### Task
Your task is to copy the listing exactly, with the pictures left out.

### Data block
+--

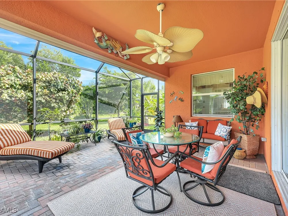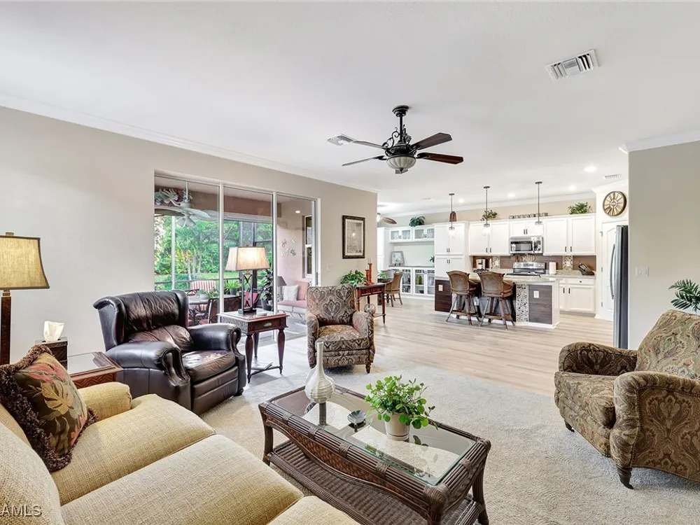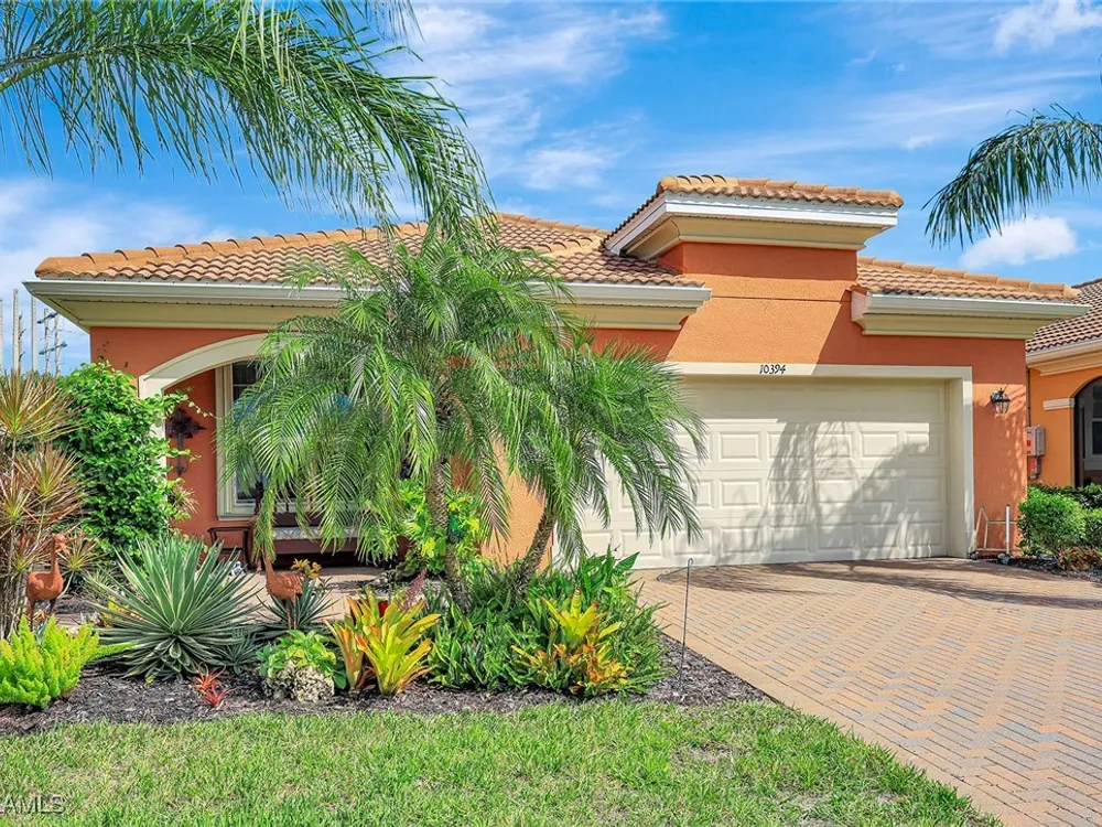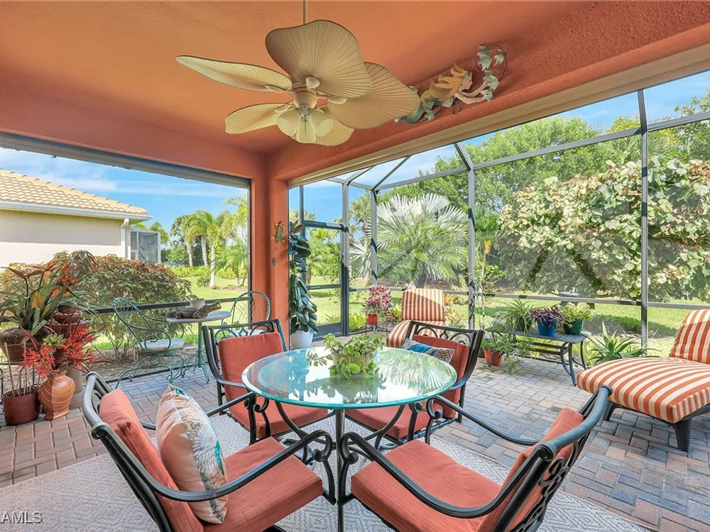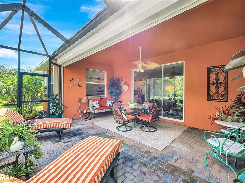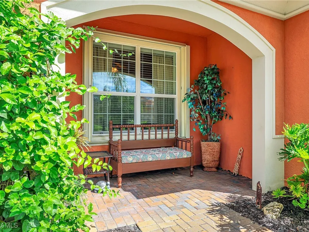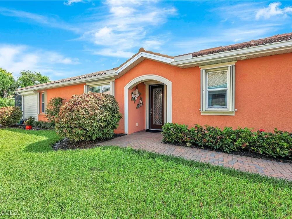Don’t miss this beautifully upgraded home that stands out! Offered furnished, complete with a golf cart, this residence features two bedrooms and a spacious office that can easily be converted into a third bedroom. You will love the open concept floor plan with attention to detail, featuring laminate wood flooring throughout, crown molding, and an extended kitchen designed for style and functionality, complete with white shaker cabinetry, stainless steel appliances, level-5 granite countertops, and a kitchen island ideal for meal prep or entertaining. The primary suite offers a generous walk-in closet, dual vanities, and a walk-in shower for comfort and convenience. Go outside to enjoy Florida living at its best on your extended screened-in paver lanai, ideal for relaxing or hosting guests. For peace of mind, this home features electric roll-down shutters on the lanai, accordion shutters around the house, in-wall pest control tubing, a whole-house water softener system, roof resealed in 2023 with an active maintenance contract and solar panels to help reduce energy costs. The garage provides extra storage with built-in shelving, metal cabinetry and a workbench, plus the golf cart with a recently replaced battery is included! In Pelican Preserve, one of Southwest Florida’s desirable 55-plus gated communities, residents enjoy resort-style living with 27-hole championship golf course, a 38-acre preserve, a 70,000 square feet town center that features indoor lap and outdoor resort styled pools, restaurants, cinema with free movies, state-of-the-art fitness center, indoor walking track, cyber cafe, six tennis courts with established tennis program, pickleball court and amphitheater. Close to the airport and some of the best dining, entertainment and beaches in Southwest Florida.
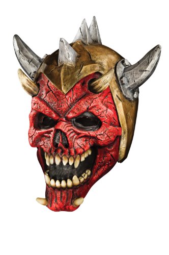 Lead an army of fierce demon warriors into battle- or at least look the part. This red horned skull mask, with horned helmet attached, is perfect for those occasions requiring a scary fa?ade. Rubie's brings fun to dress-up with costumes and accessories kids play with all year long.Features include: •Includes one red horned demon warrior mask•One size fits most teens and older•Lightweight foam latex is easy to wear•Perfect for Halloween and other occasions requiring a scary fa?ade•Accessories are the touch that completes the look
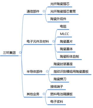 成立于1970年的三环集团,始终专注于电子陶瓷领域,并且从横向和纵向两方面拓展业务。从最初从事陶瓷基体和固定电阻器,到目前覆盖通信部件、电子元件及材料、半导体部件以及接线端子、燃料电池隔膜板等其他业务。

+--

### Task solution
Don’t miss this beautifully upgraded home that stands out! Offered furnished, complete with a golf cart, this residence features two bedrooms and a spacious office that can easily be converted into a third bedroom. You will love the open concept floor plan with attention to detail, featuring laminate wood flooring throughout, crown molding, and an extended kitchen designed for style and functionality, complete with white shaker cabinetry, stainless steel appliances, level-5 granite countertops, and a kitchen island ideal for meal prep or entertaining. The primary suite offers a generous walk-in closet, dual vanities, and a walk-in shower for comfort and convenience. Go outside to enjoy Florida living at its best on your extended screened-in paver lanai, ideal for relaxing or hosting guests. For peace of mind, this home features electric roll-down shutters on the lanai, accordion shutters around the house, in-wall pest control tubing, a whole-house water softener system, roof resealed in 2023 with an active maintenance contract and solar panels to help reduce energy costs. The garage provides extra storage with built-in shelving, metal cabinetry and a workbench, plus the golf cart with a recently replaced battery is included! In Pelican Preserve, one of Southwest Florida’s desirable 55-plus gated communities, residents enjoy resort-style living with 27-hole championship golf course, a 38-acre preserve, a 70,000 square feet town center that features indoor lap and outdoor resort styled pools, restaurants, cinema with free movies, state-of-the-art fitness center, indoor walking track, cyber cafe, six tennis courts with established tennis program, pickleball court and amphitheater. Close to the airport and some of the best dining, entertainment and beaches in Southwest Florida.
 Lead an army of fierce demon warriors into battle- or at least look the part. This red horned skull mask, with horned helmet attached, is perfect for those occasions requiring a scary fa?ade. Rubie's brings fun to dress-up with costumes and accessories kids play with all year long.Features include: •Includes one red horned demon warrior mask•One size fits most teens and older•Lightweight foam latex is easy to wear•Perfect for Halloween and other occasions requiring a scary fa?ade•Accessories are the touch that completes the look
 成立于1970年的三环集团,始终专注于电子陶瓷领域,并且从横向和纵向两方面拓展业务。从最初从事陶瓷基体和固定电阻器,到目前覆盖通信部件、电子元件及材料、半导体部件以及接线端子、燃料电池隔膜板等其他业务。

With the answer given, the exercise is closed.